• A Hobbit a Wardrobe and a Great war

  •  

Q Ideas for the Common Good: Contraception and the Devolution of Human Rights

06/01/2012

Originally published in Q: Ideas for the Common Good.

Revolutionary pamphleteer Thomas Paine once observed that a political crisis could become a clarifying moment. Such moments, he wrote, “sift out the hidden thoughts of man.”

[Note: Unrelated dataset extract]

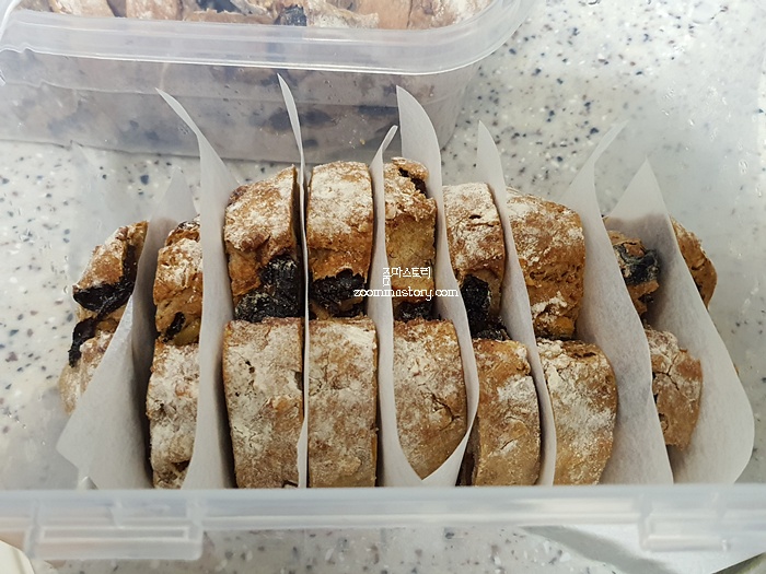 전 견과류로 호두와 아몬드 그리고 건포도를 넣어 만들었답니다. 그랬더니 씹는 식감도 좋고 너무 맛있더라고요.

The argument over the availability of contraception and the religious sensibilities of the Catholic Church falls into the crisis category. Over the last several weeks, the “hidden thoughts of man” have been sifted and revealed. What do we see? An intellectual corruption of the meaning of “human rights” so deep and so vast that it threatens the entire social fabric. Unless checked, this sickness promises to decimate the moral foundations of American democracy.

If that sounds like fiery, fund-raising flapdoodle, keep reading.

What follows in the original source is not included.